The #Takeoff series is about crowdsourcing issues important to Canadian small businesses. They tell us about their defining moments and we write about their stories, the issues, and strategies for success or how to overcome obstacles.
When Doug and Kelly Niessen wanted to install outdoor flooring on the balcony of their B.C. condo, they had to go far afield to find what they liked – and what their strata council would approve. Condo boards of directors in general do not allow permanent alterations to outer structures, which meant anything requiring glue, grout or nails was out of the question.
Realizing that conventional building supply retailers were unable to offer the kind of service, quality and choice they were looking for, the couple decided to start their own business. They have been importing floating, interlocking outdoor flooring systems since 2011.
The Niessens’ initial impulse with Kandy Outdoor Flooring, however, was to appeal to a broad market. “They talked about being a solution for everyone,” said Boni Wagner-Stafford, who started in January as the six-person company’s vice-president. “Walkways, driveways, basement, backyards – you name it.”
But after a year in business, sales were not exactly stellar. They realized, said Ms. Wagner-Stafford, that the company needed to focus on a much smaller component of that market. “All of those other applications have other options,” she pointed out. “Condo balconies do not have other options.”
The company now sells and installs interlocking floating condo balcony floor systems made of a range of materials, including hardwood, composites, granite and bamboo.
And now, she said, the question the company asks itself, is, “Does this help condo dwellers expand their home experiences?

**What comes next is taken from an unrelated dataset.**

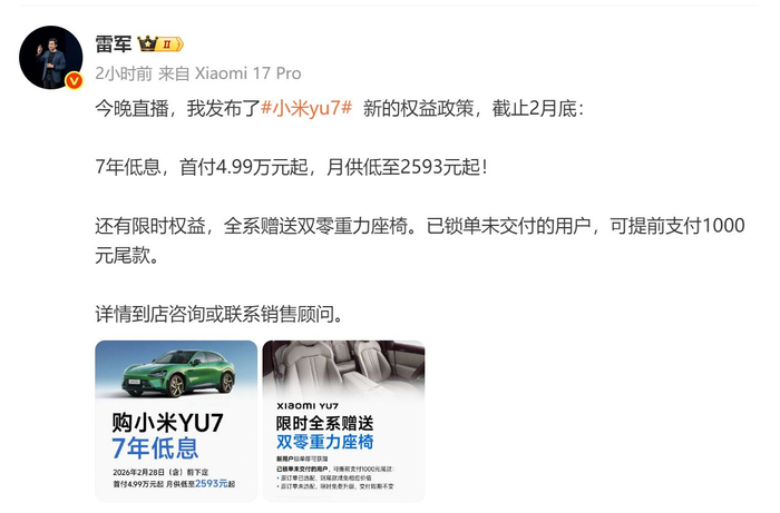 除新车信息外,雷军还在直播中宣布,小米首款纯电SUV小米YU7正式推出7年低息购车政策。该政策适用于2026年2月28日(含)前下定的用户,首付4.99万元起,月供可低至2593元,活动期间全系赠送双零重力座椅。这一举措距特斯拉推出同类金融政策仅过去一周多时间,雷军毫不避讳小米的“跟随”态度,直言“特斯拉的‘7年低息’公布后,几千条网友留言催我们跟进,团队紧急研究了一下,也推出了一个‘7年低息’的政策”。

If it’s ‘yes,’ then we talk about it further, and if it’s ‘no,’ we don’t waste any more time on it. That was really big,” she added. “Revenue and sales told us we were on to something there.”

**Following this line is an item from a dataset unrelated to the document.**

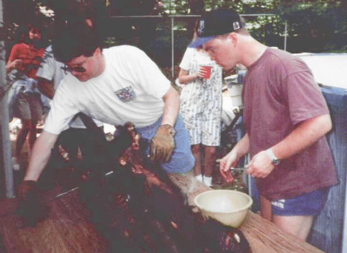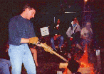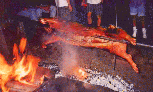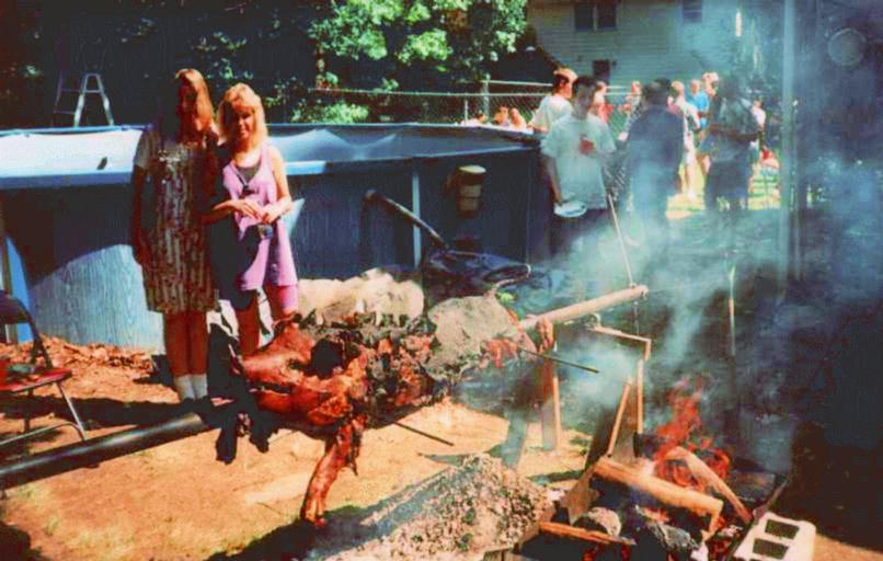 - Bob the Pig is placed over the coals, for what is to become a long,

Kandy did the right thing, said Kelly Askew, managing director of retail for Accenture Strategy, “by changing from being product-centric to being customer-centric,” and designing the brand around what their customers want. “When they focused on the smaller set of customers, which may sound a little counterintuitive, rather than doing a thin job on many customers, they are doing a deep job on fewer customers,” he said. “So the rate of conversion is going to be significantly higher.”
According to Ms. Wagner-Stafford, homing in on the kind of client they wanted also implies understanding other lifestyle dynamics of condo living. For example, she said, “people who live in condos have often chosen a lifestyle which is not one of DIY home renovation projects.”
This is another important aspect of making the most out of their niche, Mr. Askew said. “They know that the do-it-yourself people are not their customer set. They want the people who are all about convenience and speedy solutions in a box.”
What’s more, as the company looks at expansion, possibly through franchising, a niche market offers them an approach to sharing their way of doing business more easily with franchisees, said Moren Lévesque, professor of operations management and information systems at the Schulich School of Business at York University.
“I think they are smart on focusing,” she said, “because if they want then to be able to put in place this structure they can share with a franchisee, that is much harder to do if they are all over the place. Whereas, if they are focused … they will know very well who their customers are, and can set up these routines. That can be a very smart strategy to enable them to expand relatively fast.”
Mr. Askew, however, suggested alternatives to franchising, such as finding channel partners, not necessarily just franchisees, with which to align themselves, “people who can resell their product, and are also serving those customers. So, condo-focused furniture stores, all sorts of services that are advertising in condos to provide everything from dog walking and apartment sitting to property management and cleaning services, people who are already in the lives of the condo dwellers.”
They should also think about expanding their presence, he added, “in those digital places where condo dwellers hang out. Nowadays, most tend to have some subset of digital neighbourhood where they live, be it a Facebook page or a Twitter group that people in different areas use. So, being present in there, sharing information about their products, and then finding those influential condo-dwelling evangelists for their product. Having relationships with some of those digital influencers will likely pay dividends for them,” he said.
The company is currently based in the Vancouver and Toronto markets, and opening new branches in a couple of other cities would also help Kandy strengthen its business practice, Ms. Lévesque said. “Sometimes it is easier to grow within yourself because you have the employees who already know what to do,” she said, “so you are more easily able to control what’s going on, rather than totally giving it away to someone else. You keep it in the family, if you will, so you’re the one who builds this unit.”